Objective
We sought to evaluate an intrapartum nucleic acid amplification test (NAAT) for group B streptococcus (GBS).
Study Design
This was a prospective cohort study of 559 women comparing intrapartum GBS culture with antepartum culture and intrapartum NAAT.
Results
GBS prevalence was 19.5% by antepartum culture and 23.8% by intrapartum culture. Compared with intrapartum culture, antepartum culture had 69.2% sensitivity (60.6-76.9%) and 96.0% specificity (93.7-97.7%). The NAAT demonstrated sensitivity of 90.8% (84.6-95.2%), specificity of 97.6% (95.6-98.8%), and predictive values >92%. The incidence of discordant cultures was 10.4%. Of the women with negative antepartum and positive intrapartum cultures, only 1 (2.4%) received intrapartum antibiotics. Compared with white women, black ( P = .02) and Hispanic ( P = .02) women were more likely to have discordant cultures.
Conclusion
This intrapartum NAAT has excellent characteristics. It may be superior to antepartum culture for detecting intrapartum GBS–allowing more accurate management of laboring mothers and reducing neonatal GBS sepsis.

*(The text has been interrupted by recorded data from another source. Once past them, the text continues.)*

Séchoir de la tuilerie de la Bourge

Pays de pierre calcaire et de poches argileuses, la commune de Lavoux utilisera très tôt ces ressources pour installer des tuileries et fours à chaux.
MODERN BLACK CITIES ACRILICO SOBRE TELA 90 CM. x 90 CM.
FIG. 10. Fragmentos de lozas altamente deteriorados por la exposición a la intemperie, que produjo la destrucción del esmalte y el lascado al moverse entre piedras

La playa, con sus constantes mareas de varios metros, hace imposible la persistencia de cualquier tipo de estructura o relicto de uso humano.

Although universal screening and intrapartum antibiotic prophylaxis have substantially decreased the incidence of group B streptococcus (GBS) disease in neonates, GBS remains a leading cause of neonatal morbidity and mortality in the United States. Administration of intrapartum antibiotics is based on maternal GBS colonization status as determined by culture-based screening performed at 35-37 weeks of gestation. The Centers for Disease Control and Prevention (CDC) recommends universal screening of pregnant women and specifies a culture procedure requiring incubation for up to 48 hours, which precludes intrapartum screening. The CDC guidelines indicate that a negative screening test becomes invalid after 5 weeks.
For Editors’ Commentary, see Table of Contents
GBS colonizes the gastrointestinal or genitourinary tracts in 15-35% of pregnant and nonpregnant women. Colonization can be chronic, transient, or intermittent. Therefore, the timing of GBS screening is important, and it is recommended that obstetricians screen women in the late third trimester to improve the likelihood that the antepartum culture reflects the true intrapartum colonization status. However, studies demonstrate that antepartum culture has sensitivity as low as 50% and positive predictive value <60%, as well as less than ideal specificity.

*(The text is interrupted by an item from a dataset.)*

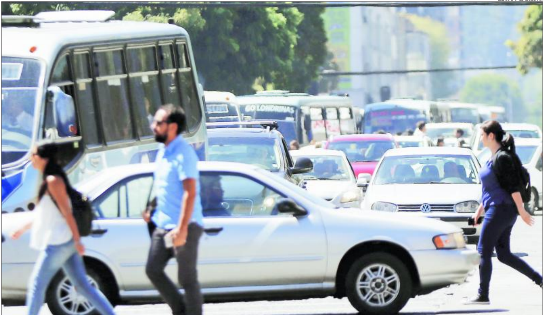
ISIDORO VALENZUELA M.

“El 99,9% de los establecimientos escolares comenzó las clases en la Región”. Sergio Camus , seremi de Educación.

Despite compliance with universal screening, the majority (52.5-82.3%) of neonates developing GBS sepsis were born to women who screened negative in the late third trimester and thus did not receive antibiotic prophylaxis. This suggests that either the culture is insufficiently sensitive or the woman’s colonization status changes between screening and delivery.
Prior studies of rapid nucleic acid amplification tests (NAAT) for intrapartum detection of GBS suggest that intrapartum screening may more accurately reflect intrapartum GBS colonization. Accurate intrapartum testing could allow for more appropriate clinical management of mothers and newborns, including properly targeted intrapartum antibiotic prophylaxis for laboring women and appropriate neonatal sepsis evaluations. Ultimately, a more accurate screening test may further decrease the incidence of GBS disease.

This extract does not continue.